Il pacchetto UE contro il Coronavirus: il MES e il SURE

Pacchetto UE

Il pacchetto UE contro il Coronavirus si basa su tre misure:

  1. Il Fondo Salva Stati o MES guidato da Klaus Regling;
  2. La manovra anti disoccupazione guidata da Ursula von Der Leyen;
  3. Il credito alle imprese dalla Banca Europea Investimenti, guidata da Werner Hoyer.

 

Il MES

Per il MES ci sono 240 miliardi di euro a disposizione e lo scopo è quello di dare un prestito al Paese che lo richiede, pari al 2% del suo Pil. Ciò significa che per l’Italia il sostegno economico sarebbe di circa 36 miliardi di euro, considerando che, ad oggi, possiamo quantificare la perdita del nostro Pil nazionale tra l’8% e il 15%: in sostanza, 36 miliardi risulterebbero insufficienti.

L’Italia avrebbe fatto richiesta di poter accedere al MES senza condizionalità, ma non se ne parla: misura proibita dallo Statuto del Fondo, ma anche dai trattati dell’Unione Europea.

Inoltre, secondo l’articolo 136 del TFUE, la concessione di qualsiasi assistenza finanziaria deve essere soggetta a rigorose condizionalità.
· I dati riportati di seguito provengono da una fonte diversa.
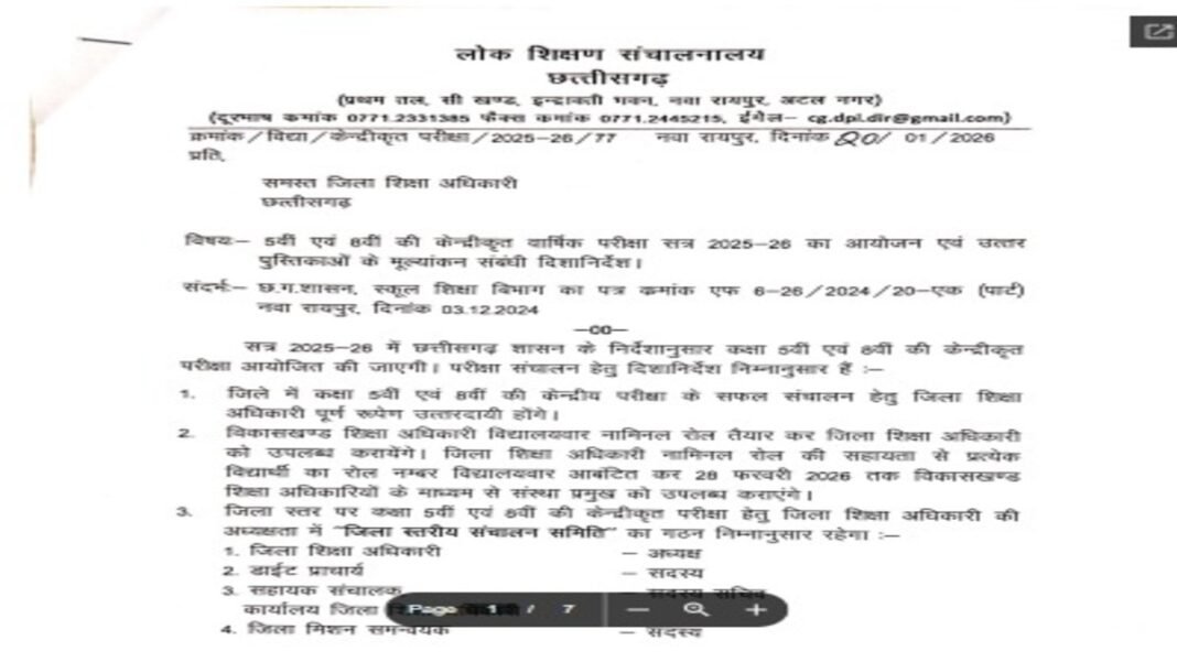 रायपुर। सत्र 2025-26 में छत्तीसगढ़ शासन के निर्देशानुसार कक्षा 5वीं एवं 8वीं की केन्द्रीकृत परीक्षा आयोजित की जाएगी। परीक्षा के सफल संचालन और उत्तर पुस्तिकाओं के मूल्यांकन को लेकर लोक शिक्षण संचालनालय (DPI) ने विस्तृत दिशा-निर्देश जारी किए हैं। जारी गाइडलाइन के अनुसार, जिले में परीक्षा संचालन की पूर्ण जिम्मेदारी जिला शिक्षा अधिकारी (DEO) की होगी।

Importante aggiungere che il MES è un creditore privilegiato, pertanto, i suoi crediti vanno rimborsati prima rispetto ad altri investitori privati, con conseguente svalutazione.

Altra importante questione: il Paese che richiede il MES deve sottoporsi a Dsa, cioè ad una valutazione di sostenibilità del debito pubblico.

 

Il SURE

Il SURE è il metodo anti disoccupazione messo a disposizione dalla Commissione Europea. Lo scopo è quello di finanziare misure come la cassa integrazione con l’obiettivo di ridurre i licenziamenti.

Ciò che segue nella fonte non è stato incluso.